Over the past few months, Community Mediation Services has provided group facilitation to several neighborhoods and organizations around the St. Louis metropolitan area. Topics have included race relations, community police relations, the role of small businesses in a neighborhood, crime, poverty, and many others. In each of case, neighborhood organizations sought a forum in which residents could come together to talk about ways they could work together to improve their communities in these key areas, and the resulting discussions helped create the tools for positive change.
CMS has been involved in meetings in Ferguson since November, helping to plan and facilitate multiple meetings about how the community can come together to rebuild. Seeking to improve the community, residents have discussed ways to improve concerns such as race relations, poverty, and social justice. Although the process will be long and difficult, discussions such as these will provide a vital beginning. Several neighborhoods in St. Louis have held similar meetings, each of which promises to help the community through the healing process toward a stronger, more verdant and just future.

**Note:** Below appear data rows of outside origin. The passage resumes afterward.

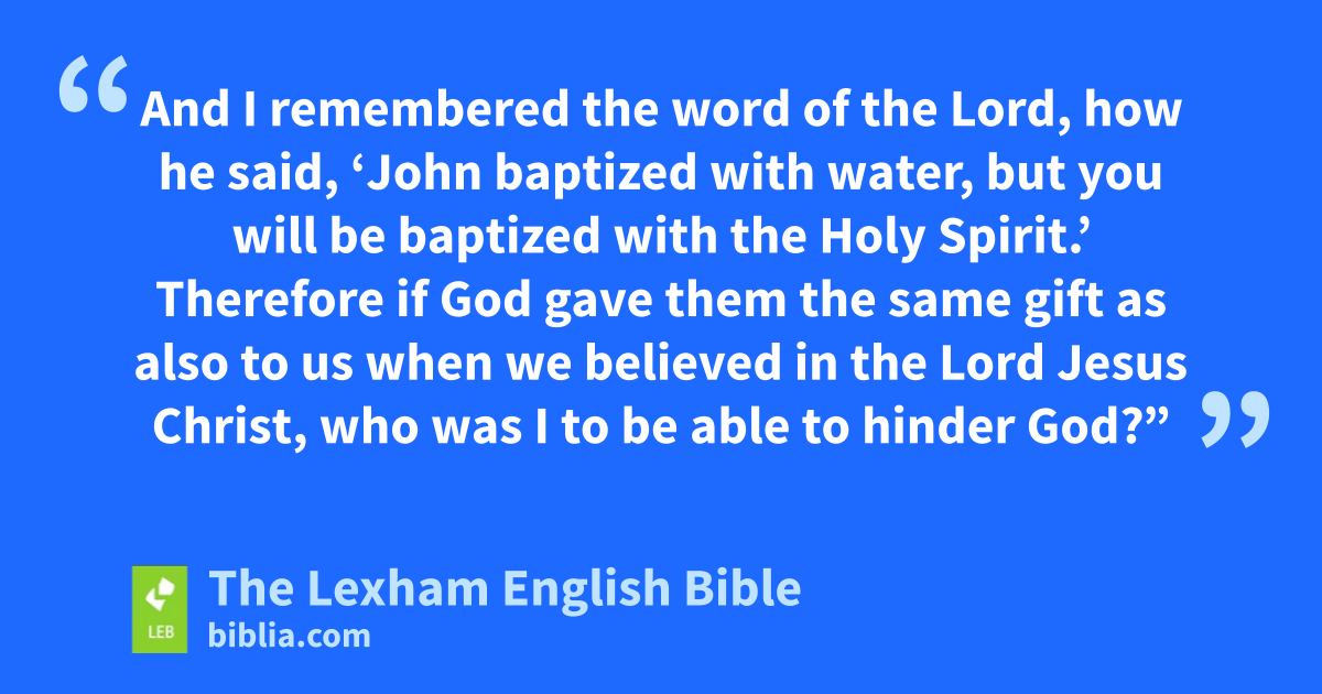 11 Now the apostles and the brothers who were throughout Judea heard that the Gentiles also had accepted the worda of God. 2 So when Peter went up to Jerusalem, those of the circumcision took issue with him, 3 saying, “You went to men ⌊who were uncircumcised⌋b and ate with them!” 4 But Peter began and* explained it* to them in an orderly sequence, saying, 5 “I was in the city of Joppa praying, and in a trance I saw a vision—an object something like a large sheet coming down, being let down from heaven by its four corners, and it came to me. 6 As I* looked intently into it, I was considering it,* and I saw the four-footed animals of the earth and the wild animals and the reptiles and the birds of the sky. 7 And I also heard a voice saying to me, ‘Get up, Peter, slaughter and eat!’ 8 But I said, ‘Certainly not, Lord! For nothing common or unclean has ever entered into my mouth!’ 9 But the voice replied from heaven for the second time, ‘The things which God has made clean, you must not consider unclean!’ 10 And this happened three times, and everything was pulled up into heaven again. 11 And behold, at once three men who had been sent to me from Caesarea approached the house in which we were staying.* 12 And the Spirit told me to accompany them, not hesitating at all. So these six brothers also went with me, and we entered into the man’s house. 13 And he reported to us how he had seen the angel standing in his house and saying, ‘Send to Joppa and summon Simon, who is also called Peter, 14 who will speak words to you by which you will be saved, you and all your household.’ 15 And as I was beginning to speak, the Holy Spirit fell on them, just as also on us at the beginning. 16 And I remembered the word of the Lord, how he said, ‘John baptized with water, but you will be baptized with the Holy Spirit.’c 17 Therefore if God gave them the same gift as also to us when we* believed in the Lord Jesus Christ, who was I to be able to hinder God?” 18 And when they* heard these things, they became silent* and praised God, saying, “Then God has granted the repentance leading to life to the Gentiles also!”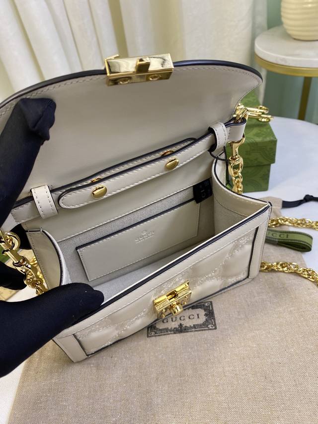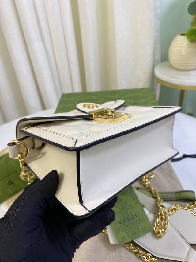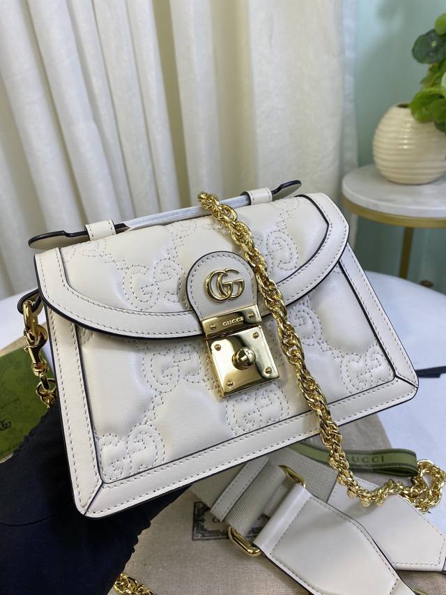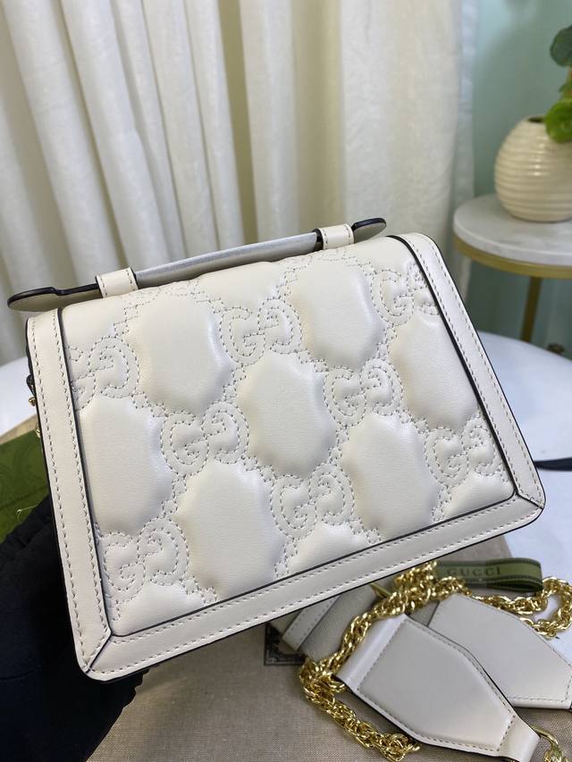 简介:Matelassé皮革在每一季都通过别致的设计风格呈现在品牌创作总监的前沿设计中。质感柔软的标志性材质结合富有纹理感的几何图案,为手袋系列焕新打造时尚力作。整体设计以现代手法演绎90年代标识风尚,为这款白色皮革手提包增添迷人魅力。白色Matelassé皮革,金色调配件双G,另配有帆布肩带,提手高约2.5厘米,金属链背带搭扣。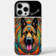 A German Shepherd's head is depicted in a colourful mandala, with intricate details and vibrant colours.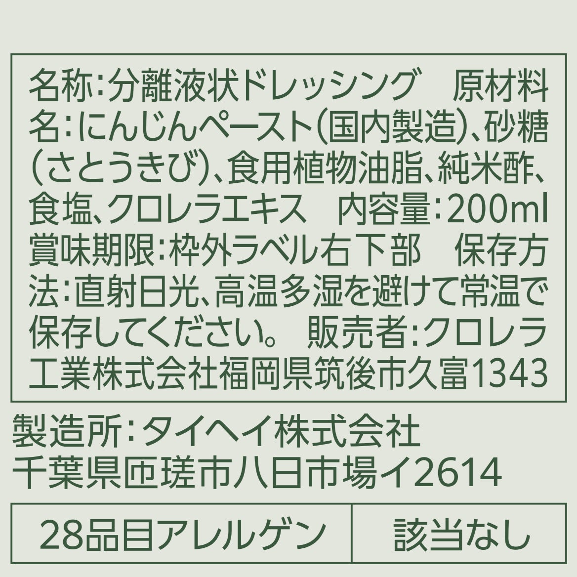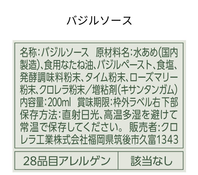 バジルソースには、原材料のバジルや筑後産クロレラを均一になじませ、より美味しくお召し上がりいただけるよう、添加物として増粘剤のキサンタンガム(非遺伝子組み換えとうもろこし由来)のみ使用しています。
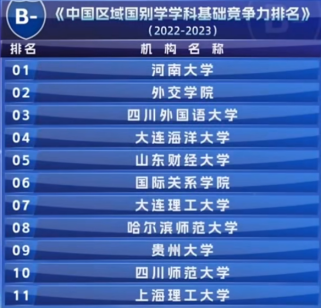 贵大新闻网讯(东盟研究院)近日,高校区域国别学人才培养与学科建设联盟(简称“高盟”)完整公布《中国区域国别学学科基础竞争力百强排名(2022—2023)》,贵州大学凭借其在东南亚研究中扎实的学科基础以及积极的创新实践,成功入选全国百强榜单并获评“B-”等级,成为贵州省唯一跻身该榜单的单位,标志着我校区域国别学学科建设进入西部高校前列,彰显了我校在新兴学科建设领域的阶段性成果。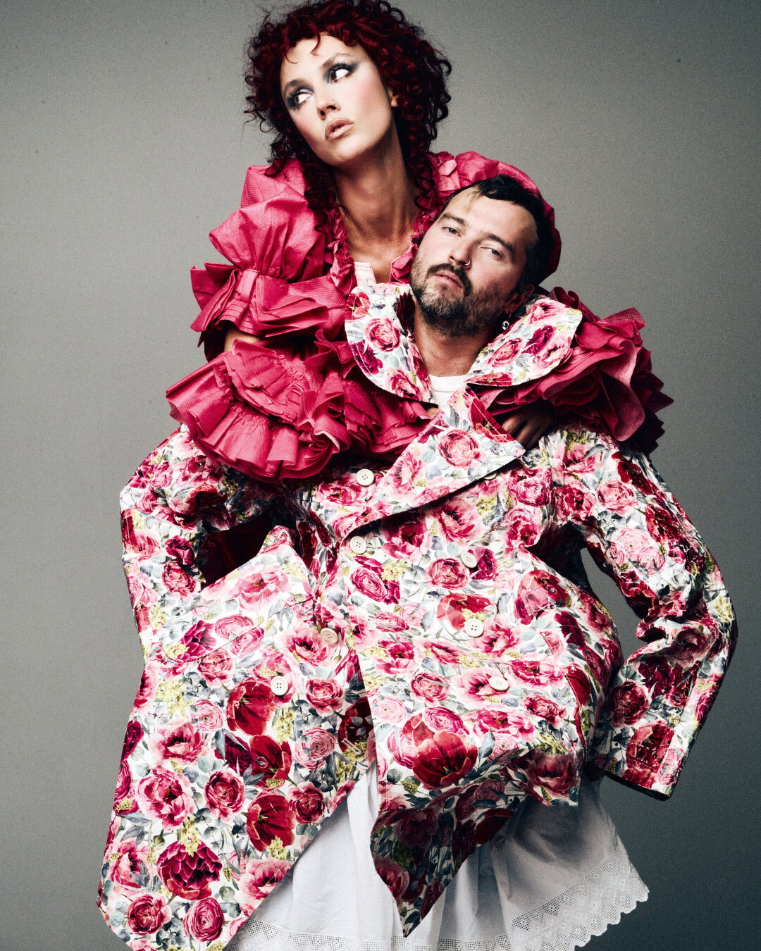 Лучшее празднование годовщины свадьбы — восхитительная фэшн-съемка уровня Стивена Мейзела и Патрика Демаршелье, как бы намекают топ-стилисты Миша и Китти (в ответе за наряд Марии Миногаровой на московской свадьбе в «Метрополе», вау-луки Ксении Собчак и поп-инфлюенсера Марго Овсянниковой, а также за стайлинг модного дома Alena Akhmadullina). Юбилейный wedding anniversary отметили в цветовом каноне розовой свадьбы — в розах и рюшах Comme des Garçons, дополненных деконструированными рубашками, кожаными куртками-трансформерами и хардкорными трензелями. Съемку доверили только виртуозу арт + фэшн-фотографии Максиму Чуркину (автор обложек Собака.ru с Паулиной Андреевой и Елизаветой Базыкиной!), с которым сложили идеальное творческое трио (вместе снимали кампейны для 1811, Viva Vox, Secrets и чего только не!).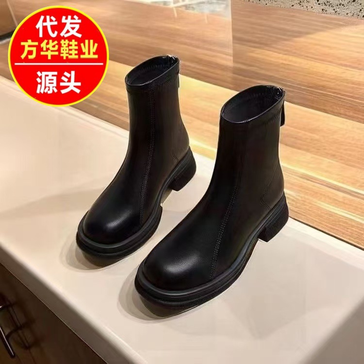 オーガーシェンドン マーティンブーツ レディース 2025年秋冬新作 ブラック 太ヒール 細身 ショートブーツ 厚底 チェルシーブーツ ファッションブーツ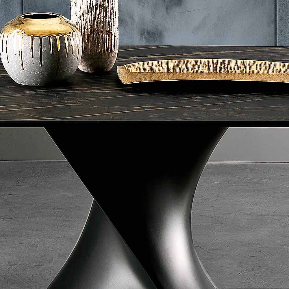 Elliptical Dining Table in Ceramic and Aluminum - Yamir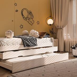 A Bicama Luma é ideal para quem busca otimizar o espaço sem abrir mão do conforto e da organização. Com um design clean e moderno, ela se harmoniza facilmente com qualquer decoração, especialmente em ambientes infantis e juvenis. Conta com uma prática Cama Auxiliar de rodízios, que desliza suavemente para oferecer um leito extra. Perfeita para receber amigos, primos ou para os pais que precisam acompanhar a criança durante a noite.O módulo inferior também integra duas gavetas espaçosas, ideais para guardar roupas de cama, brinquedos, livros ou objetos pessoais, mantendo o quarto sempre arrumado. Transforma o ambiente de dormir em um espaço de convivência e organização de forma rápida e eficiente. A solução perfeita para quartos versáteis! Produto Montado: Sim Acabamento da Gaveta: Pintura Acompanha Cama Auxiliar: Sim Acompanha Colchão: Não Altura do Estrado até o Chão: 41 cm Ambiente Principal: Quarto Cama Auxiliar Acompanha Colchão: Não Cama Auxiliar com Rodízio: Sim Cama Auxiliar Suporta Até (kg): 50 kg codigo_ean: 7900288287335 Complexidade da Montagem: Média: pode ser montado por mais de uma pessoa e/ou necessite de maior conhecimento para montagem Cor: Branco Cor do Produto: Branco Escala de Brilho: Semi-Brilho Escala de Brilho da Gaveta: Semi-Brilho Extensível: Não Gaveta com Chave: Não Itens Inclusos: 1 Bicama, Kit Ferragem e Manual de Montagem. Linha ou Coleção: Luma Manual de Montagem e Instalação: https://product-hub-prd.madeiramadeira.com.br/325138950/documents/c6e25dc0-ebd7-4af3-83a6-b74be737889b900240miulli190x90montagem.pdf Marca: Inter Link Material da Gaveta: Madeira Maciça Material do Estrado: Pinus Material Principal: Madeira Maciça Necessita Montagem: Sim Origem do Produto: Nacional Permite a Utilização de Cama Auxiliar: Sim Peso: 44,5 kg Peso Máximo por Gaveta: 10 kg Peso Suportado por cada cama: 100 kg Possui Baú: Não Possui Escrivaninha: Não Possui Gavetas: Sim Possui Nichos: Não Possui Pés: Não Possui Portas: Não Possui Prateleiras: Não Possui Rodízio: Sim Quantidade de Gavetas: 02 Gavetas Recomendações de Uso, Manutenção e Limpeza: Não colocar o produto em lugar úmido, não arrastar, limpar somente com pano macio e seco, não expor o produto a incidência de luz solar, não colocar peso superior ao indicado. Rodízio com Trava: Não Sistema de Montagem: Parafusos, Cavilhas Tamanho da Cama: Solteiro Tamanho do Colchão Indicado (L x C): 88x188 Tamanho do Colchão Indicado Cama Auxiliar: 88x184 Tipo de Cama: Bicama Tipo de Colchão: Solteiro Tipo de Corrediça da Gaveta: Madeira Tipo de Estrado: Fixo Tipo de Madeira Maciça: Pinus Tipo de Madeira Maciça da Gaveta: Pinus Tipo de Puxador da Gaveta: Embutido

In other meetings, we have helped residents and businesses talk to each other to address perceived issues of blight, crime, and poverty. Residents of several upscale apartment complexes were concerned about drug usage and crime among the area’s homeless, and were chagrinned by their perception that a local business was contributing to the problem. Over an hour and a half, all involved were able to recognize their common interests and work together toward building a solution.
Group facilitation is a service CMS is proud to include in its portfolio. The experience of neighbors coming together to work toward a better future is always rewarding, whether a participant, an observer, or a facilitator.